MICHAEL GILMORE: We do. So now, Ira, this paper showed us where the unexplored diversity is. And it’s in insects and their invertebrate relatives. We really want to systematically explore that now. Whereas we’re up to about 80 species now, we think we can easily double that by examining maybe 5,000 or 10,000 invertebrate samples. And we now have the high-throughput genomics to do that.

IRA FLATOW: I go through a lot of natural history museums. And you see samples of all kinds of stuff they’re in jars or pinned to paper. Could they be sources that you could look into?

MICHAEL GILMORE: Yeah, that really is a great idea. And they certainly can be. The problem that we run into is we like to recover the live bacteria when we can so that when we find something interesting in its genome, we can culture the bacteria and explore its properties.

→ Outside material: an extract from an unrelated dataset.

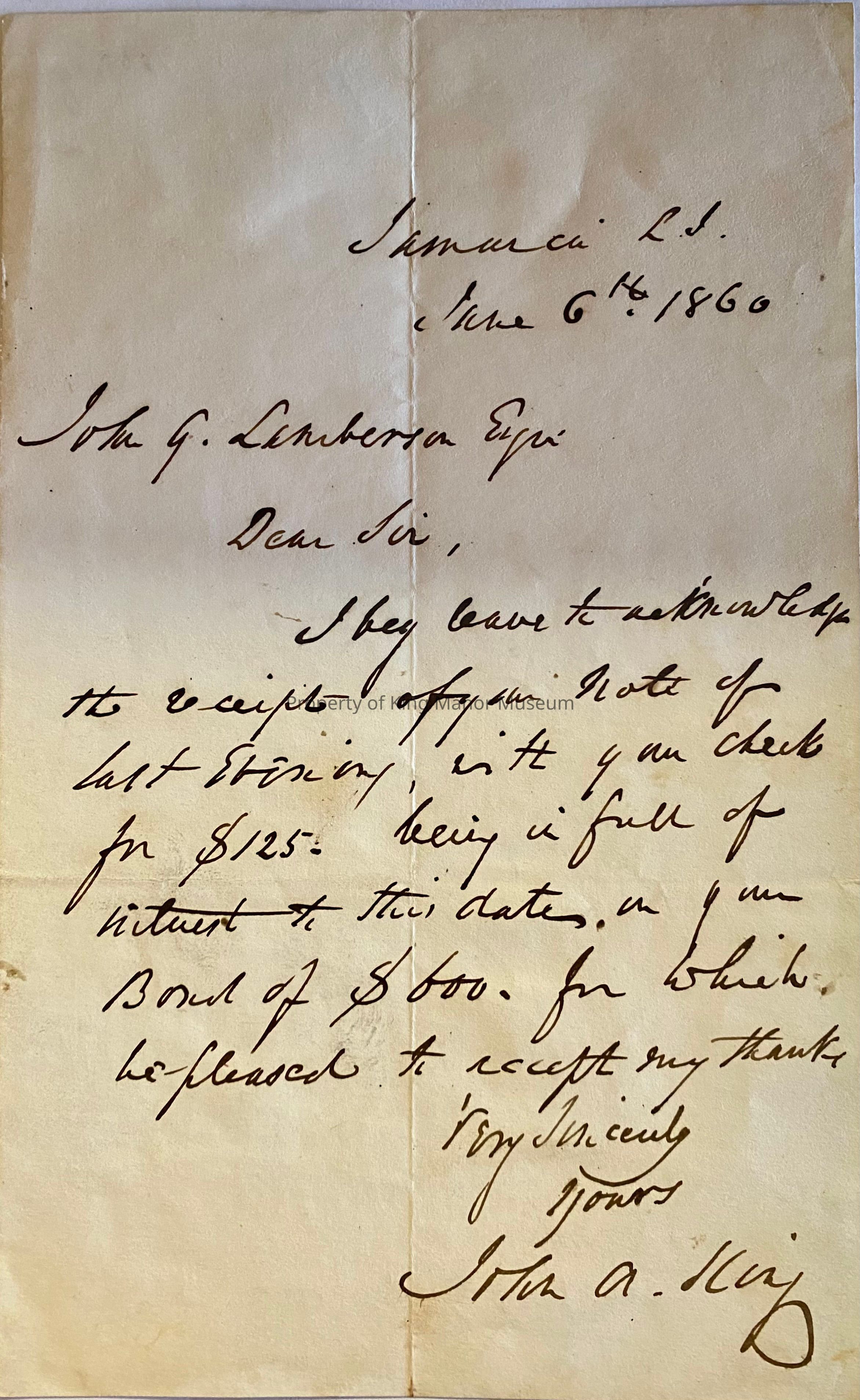 Letter from John A King to John G. Lamberson Esqr. thanking him for sending a check of 125 dollars dated June 6th, 1860Collection

From preserved specimens, if they’re preserved in alcohol or something like that, the bacteria generally are dead. But we can work with the DNA. But we prefer just a dead insect. And again, since Enterococci are so persistent, the Enterococcus in a dead insect can survive in the mail for weeks.

IRA FLATOW: Whenever we talk about sampling and finding new stuff, I’m always struck by the amount of stuff that’s still out there. I mean, how much of what you have found do you think represents the total of what’s out there that we don’t know about?

MICHAEL GILMORE: That is the astounding thing. So our collection rate told us that we’re somewhere around 1%, knowing about 1% of what’s out there with respect to Enterococcus. And Enterococcus is one of the more common organisms. And so it boggles the mind, really, what’s left in that 99% that hasn’t been even ever seen before.

IRA FLATOW: Do you ever think about searching for phages, the viruses that attack bacteria?

MICHAEL GILMORE: Absolutely. That’s a very hot idea. So that’s something that we’ve done. Many of these do have phages. Some phages are sleeping in the genomes of many of these strains. And those phages can certainly be employed for the new kinds of therapies that are being explored right now.

IRA FLATOW: OK, so what do you want to look for next? What’s on your agenda?

MICHAEL GILMORE: Well, one of the things that we’d like to do is we know that antibiotic resistance genes originate in the soil. And we know that they end up in the hospital. We would like to put together the chain of custody in between those so that we know exactly what practices are promoting the upwelling of antibiotic resistance from the soil ecosystem so that we can effectively stop it.

We don’t want to just have a blanket moratorium on use of antibiotics. Then the companies go out of business. We want to strategically deploy antibiotics in a way that doesn’t promote bringing in new resistances from the soil ecosystem. And so we need to know how it moves. And so that’s why we’re out exploring nature and trying to connect the dots.

IRA FLATOW: Well, Dr. Gilmore, thank you for connecting the dots for us.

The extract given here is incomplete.